2. The Vikings came from an area where it is currently, and I think since this derives from tradtion would have been at that time, the case that travellers may go up roads others might consider private, in order to travel.

However, that posting was relatively logical, correct and well-informed by the standards of the crap posted by most people in this page. Look something up guys.

FAIL

Re: What about Erik?

"It seems to be a matter of faith with climate scientists that Greenland has been covered in ice for millenia."

The only articles of faith in question here are those floating around in your head. There is some pretty good reasoning behind the idea that the huge layer of ice covering most of Greenland didn't build up over the last thousand years.

"However historians tell a different story.
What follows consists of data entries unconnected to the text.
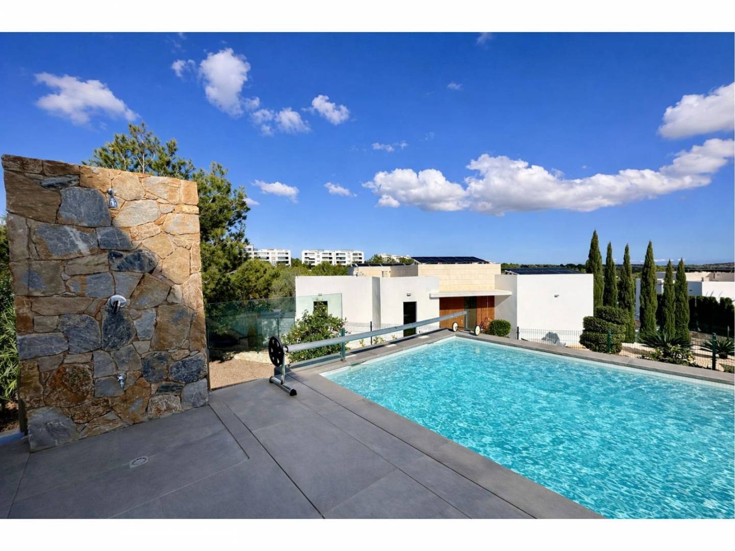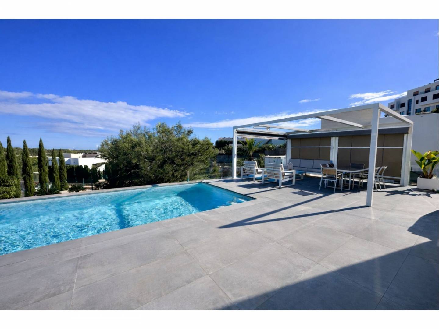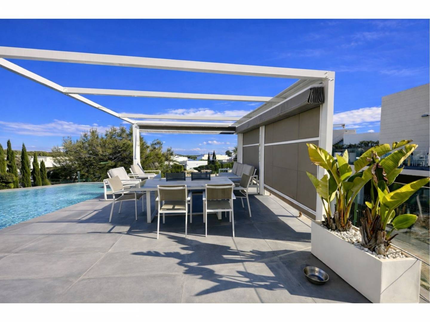 De villa beschikt over hoge plafonds en uitzonderlijk veel natuurlijk licht , wat resulteert in ruime en elegante woonruimtes. Het hart van de villa wordt gevormd door een lichte woonkamer met een volledig uitgeruste open keuken , die via een spectaculaire erker verbonden is met een terras van 87 m² op het zuiden – ideaal om het hele jaar door te genieten van het mediterrane klimaat. Buiten biedt een verwarmd zoutwaterzwembad van 10 meter een rustgevend uitzicht op het dennenbos en zorgt voor een uniek gevoel van welzijn en exclusiviteit.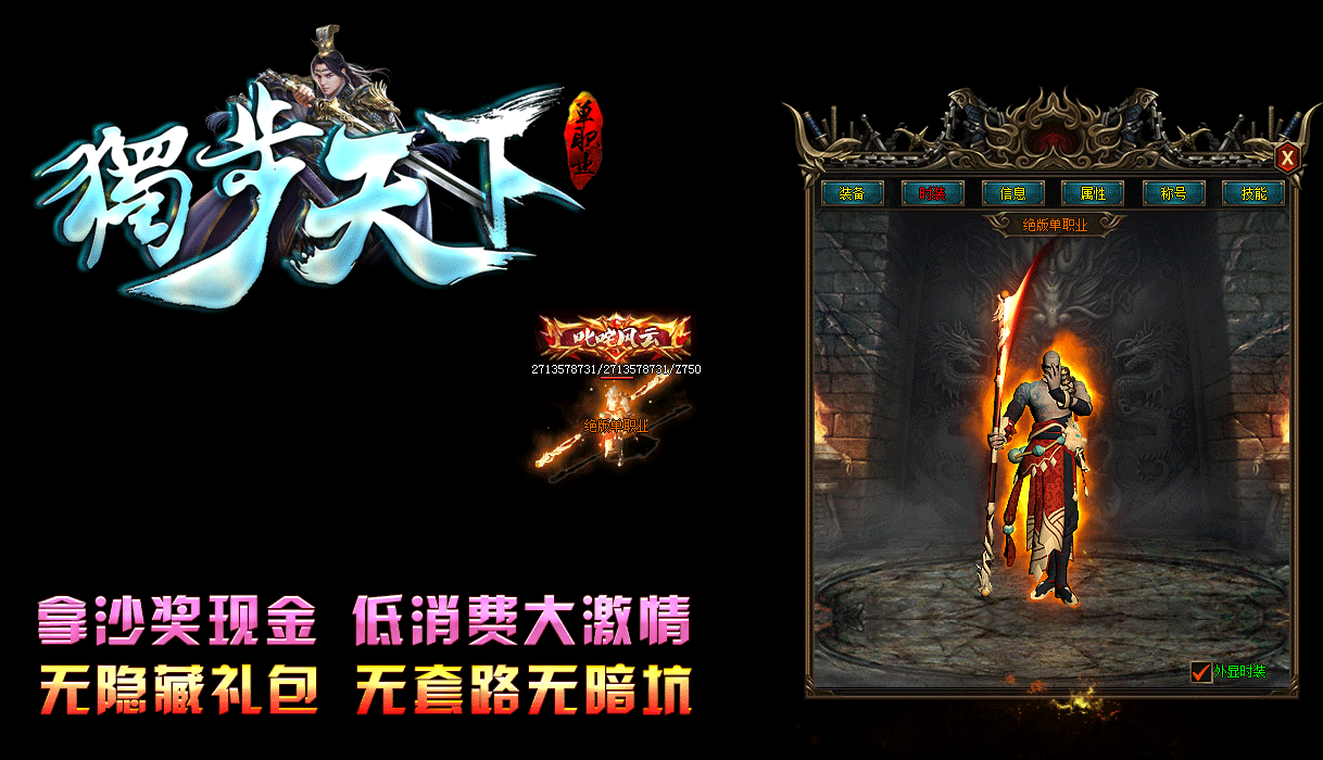 不卖装备,不卖元宝,所有怪物出终极,看脸时代,血量越高的怪物爆率越高!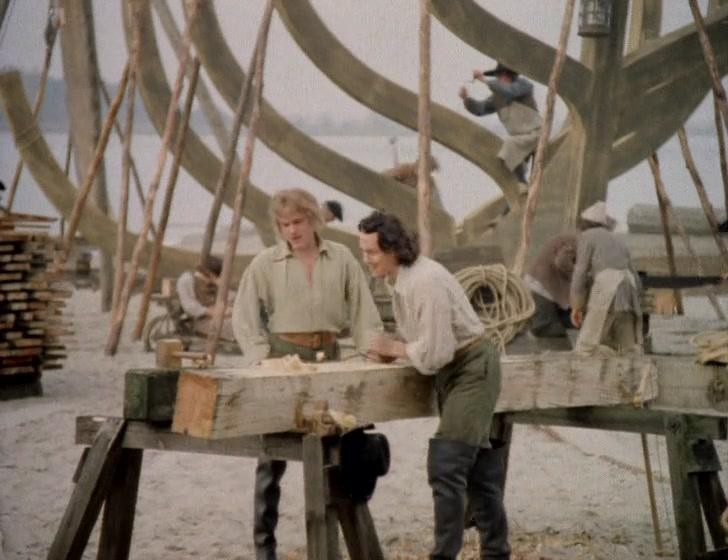 На следующий день Пётр купил инструменты. И нанялся на работу плотником на верфи. Вместе с другими знатными русскими он обучался корабельному делу.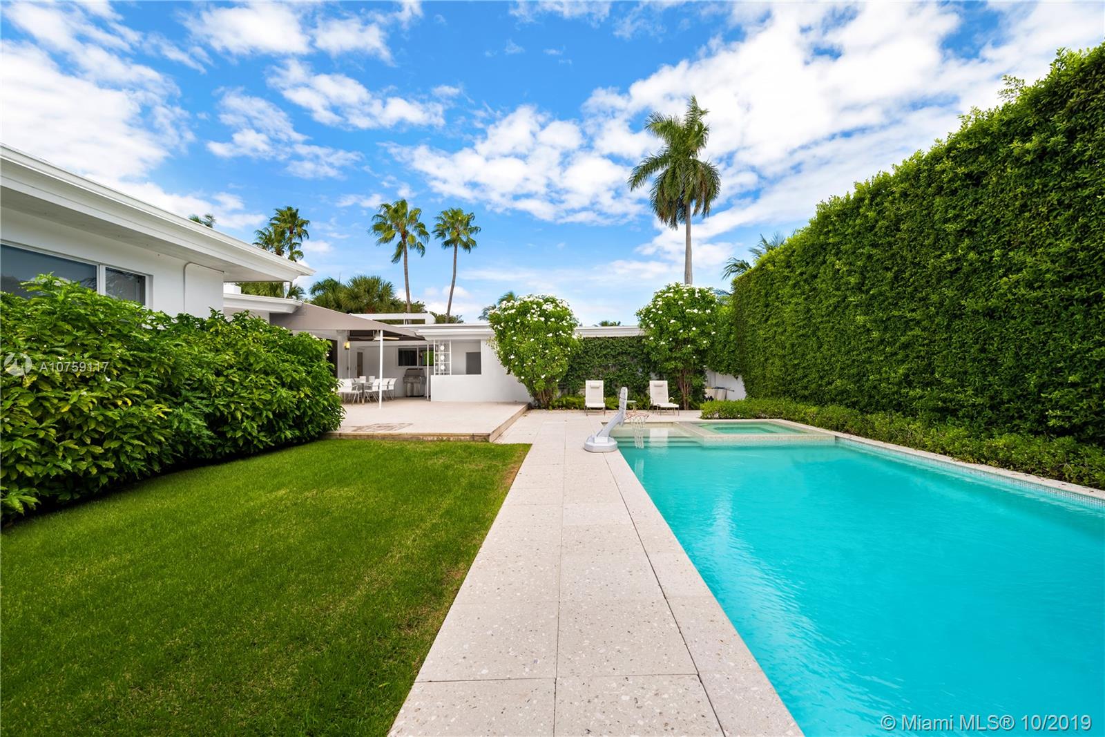 Located at the end of upper N. Bay Rd, adjacent to La Gorce Island and a charming neighborhood park, this 5 BD 4.5 BA home sits on a large 11,600 sqft lot. Originally designed by architect Donald Smith, this perfectly restored Mid-Century Modern home features limestone floors throughout. This private residence offers intricate built ins, a formal dining and living area, an attached two car garage, and is complimented with over-sized impact windows which offer abundant natural light. Gourmet eat-in kitchen, top-of-the-line appliances, including a Wolf gas range and Sub-zero refrigerator. Elegant master suite features dual sinks, a spacious walk-in shower and walk-in closet. This tranquil home is finished with a spacious backyard and a heated pool/spa.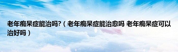 大家好,linda来为大家解答以上的问题。老年痴呆症能治吗?,老年痴呆症能治愈吗 老年痴呆症可以治好吗很多人还不知道,现在让我们一起来看看吧!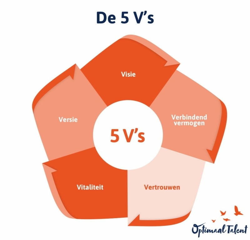 Binnen Optimaal Talent werken wij met een helder en praktisch leiderschapskompas: de vijf V’s van coachend leiderschap. Dit model helpt leiders om scherp te reflecteren op hun gedrag, hun invloed en hun voorbeeldrol.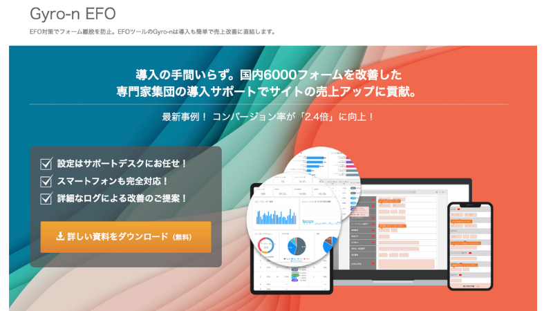 EFOツールは、フォームの作成や改善に特化した専用サービスです。FormAssistやGyro-n EFOをはじめ、複数のツールが提供されています。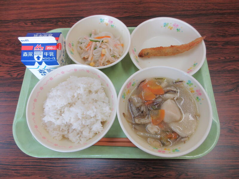 今日の献立は、麦ごはん、牛乳、だんご汁、ししゃもフライ、マロニーの和え物 です。

The coast at least was not icebound even a thousand years ago."

Greenland has a pretty long coast, and as others point out, it's not completely icebound now.
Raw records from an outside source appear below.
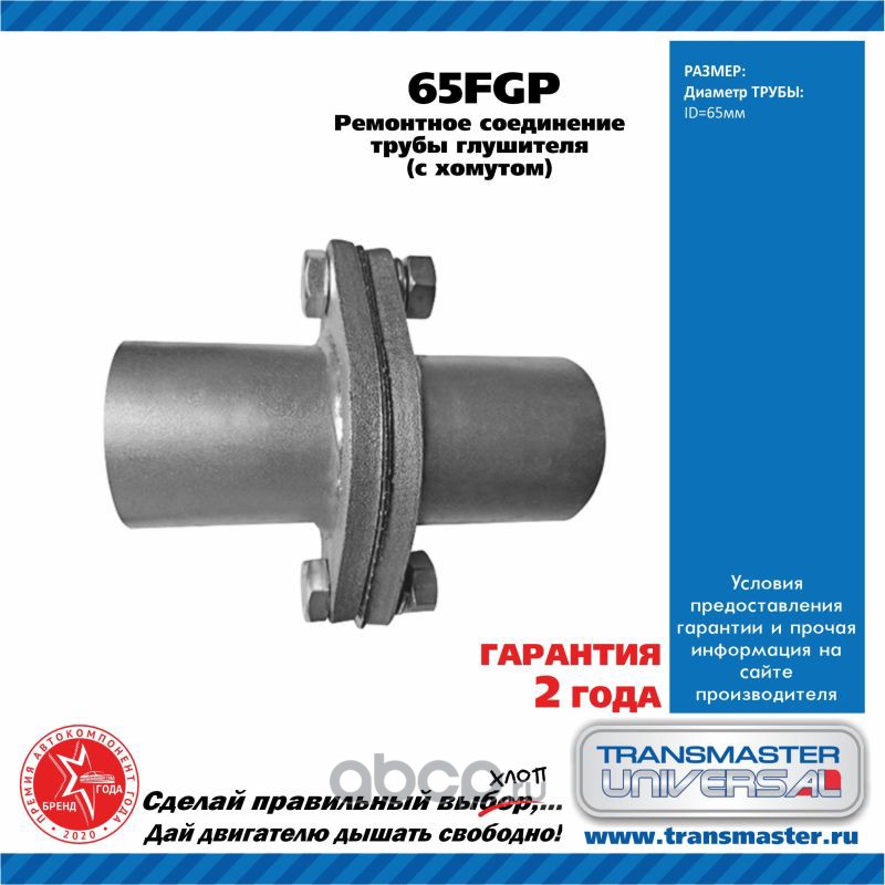 TRANSMASTER UNIVERSAL 65FGP Фланцы глушителя в сборе с патрубками d65 мм ромб комплект 2 шт. с прокладкой и метизами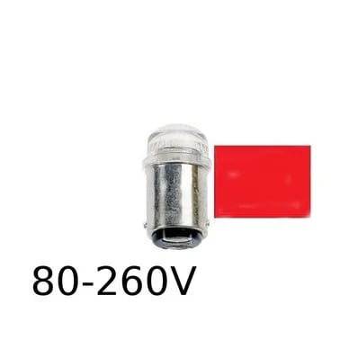 Röd LED signallampa T14x30 5lm Ba15d 0,4W 80-260V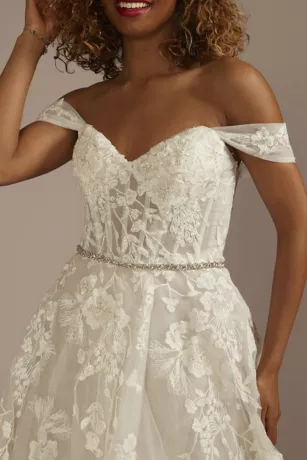 Secured by sheer organza ribbons, this skinny sash is topped with clusters of sparkling beads, gems, and rhinestones that tie up your dream day in the perfect bow.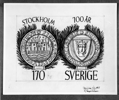 Ej realiserade förslag till frimärket Stockholm 700 år, utgivet 17/6 1953. Konstnär: R Engströmer. Valör 1:70 kr.

"It was the Vikings who called it Greenland (or Vinland at any rate) because it's coast was green, covered in vegetation, as distinct from their previous landfall - Iceland - which was pretty barren."
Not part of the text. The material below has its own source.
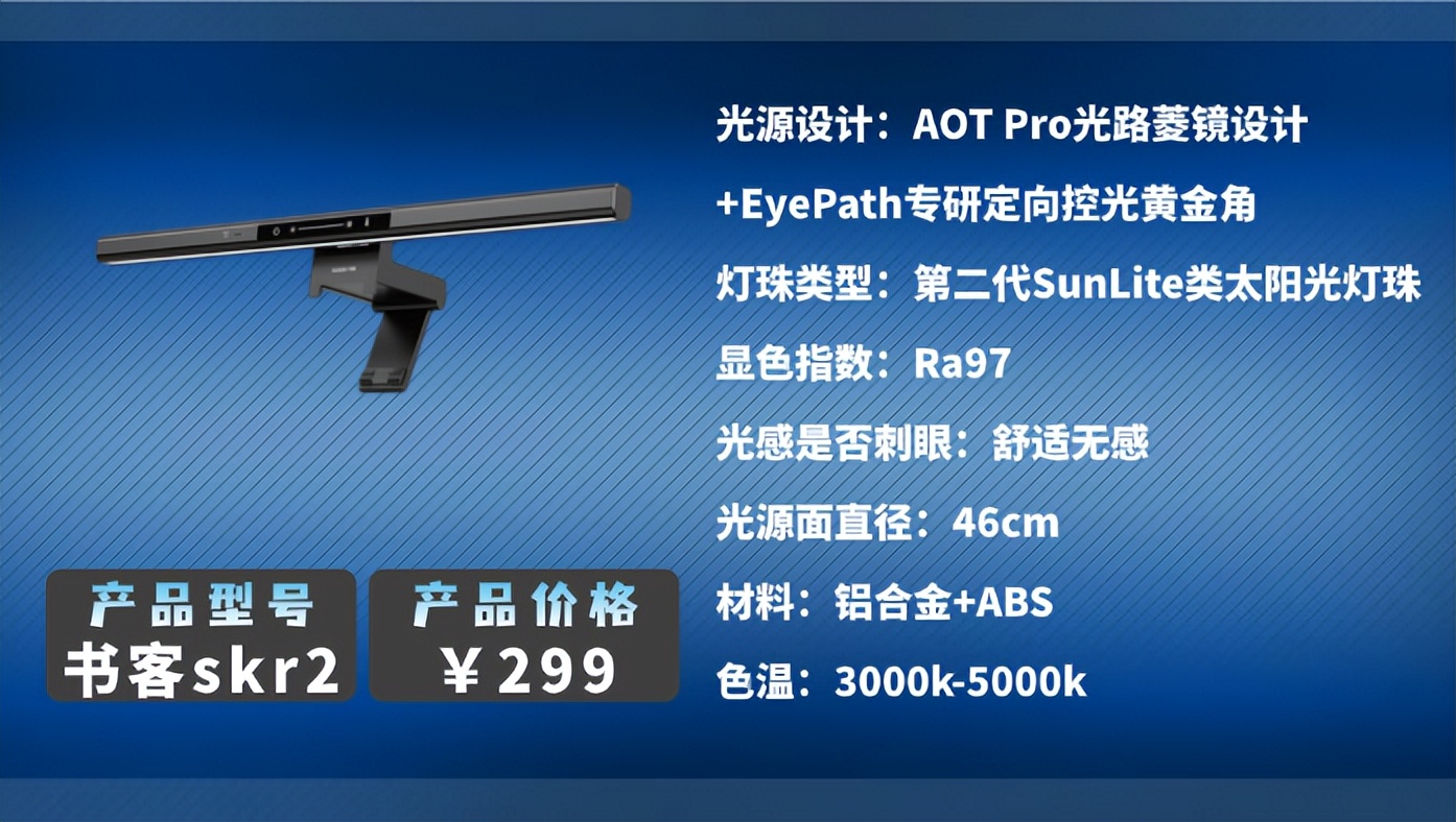 第一梯队:书客SKR2、明基ScreenBar Pro书客这两年在护眼照明领域的关注度比较高,产品定位偏专业路线,书客还是常年出口欧美的专业老牌,是少数同时拥有欧盟与美国双重认证的品牌,还荣获品牌强国优选工程入选殊荣,更是受到了「丁香医生」认可推荐和CCTV荣誉展播。

Have you been to either of these places? Iceland isn't some rock in the ocean, you know, and it probably got its name because of the many glaciers visible from the coast. And the greenness of Greenland only supported a limited grazing season for the livestock the Vikings took with them to Greenland: it wasn't lush jungle.

"That the Vinkings reached north america is accepted by most as fact now."

And this is pertinent because...?

"Erik the Red and his boys established staging posts in Iceland and Greenland they didn't just sail straight from Scandinavia to what is now mainland Canada."

No-one is claiming that they did.

"So they knew the territory. If they say it was green I'm happy to accept their word over that of a bunch of climate scientists who have demonstrated quite a startling ability to bend the truth over the last few months."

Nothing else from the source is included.